Sir Robert Geffrye (also spelled Geffrey) (1613–1703) was an English merchant, slave trader, and Lord Mayor of London in 1685.

Life 
Geffrye was born to poor parents at Landrake, near Saltash, Cornwall, and moved to London, where he became an eminent East India merchant, with his house on Lime Street. He was Master of the Worshipful Company of Ironmongers, knighted in 1673, appointed a Sheriff of London in 1674 and elected Lord Mayor of London in 1685.

He was elected president of Bridewell and Bethlehem Hospitals in March 1692–3. He was a significant trader in tobacco. Part of Geffrye's investment was in the Atlantic slave trade, and he had partial ownership of a slave ship, the China Merchant.

He married Priscilla, daughter of Luke Cropley, a London merchant, but had no children.
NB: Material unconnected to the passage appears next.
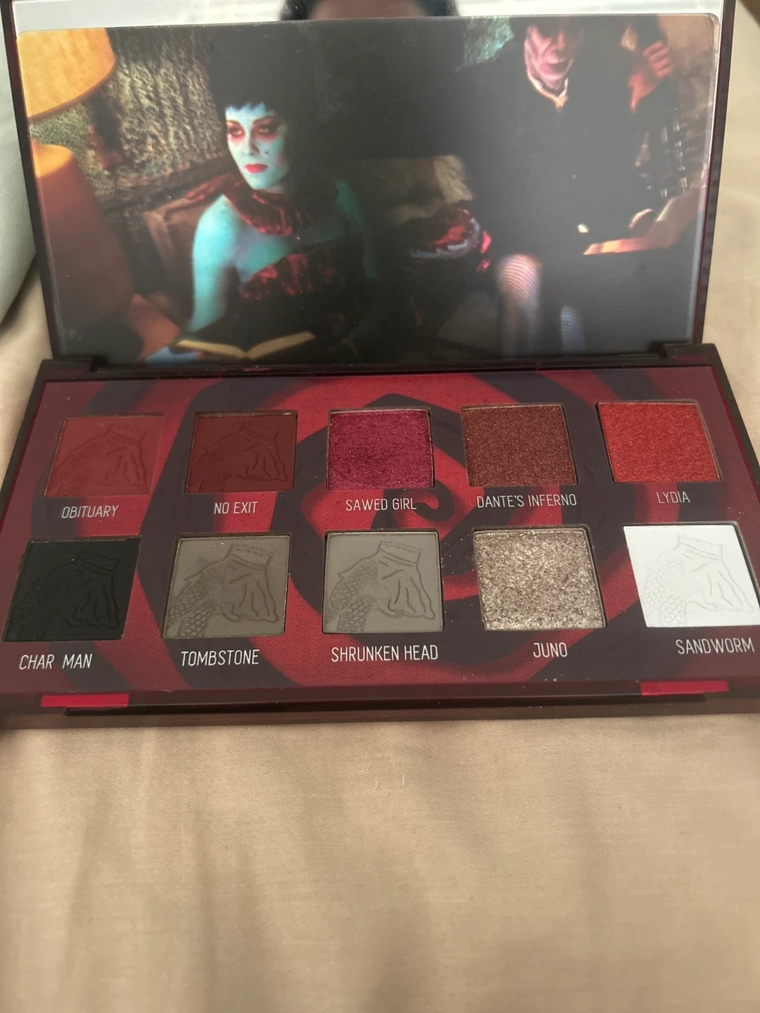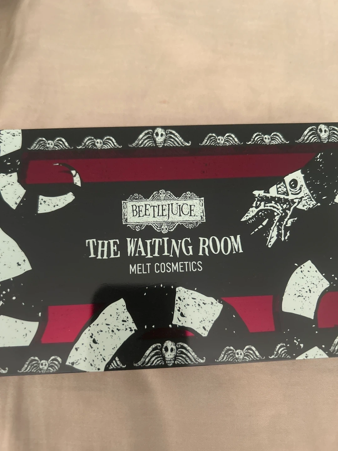 405Selling a Melt Cosmetics Beetlejuice The Waiting Room eyeshadow palette. It features a variety of shades, including Obituary, No Exit, Sawed Girl, Dante's Inferno, Lydia, Char Man, Tombstone, Shrunken Head, Juno, and Sandworm Halloween Collectors item

On his death he left about £10,000 divided in legacies to friends, relatives, hospitals, and clergymen's widows, and in establishing certain trusts under the charge of the company of Ironmongers. A service was to be provided twice daily in the church of St. Dionis Backchurch, a school was to be maintained at Landrake, and the poor of St. Erney and Landrake to be relieved.

The remainder was dedicated to 14 almshouses, mainly for widows of ironmongers, which were constructed in 1715 in Shoreditch. Those buildings were sold in 1910, and now house the Museum of the Home (formerly the Geffrye Museum), which has displays of domestic life from 1600 to the present day.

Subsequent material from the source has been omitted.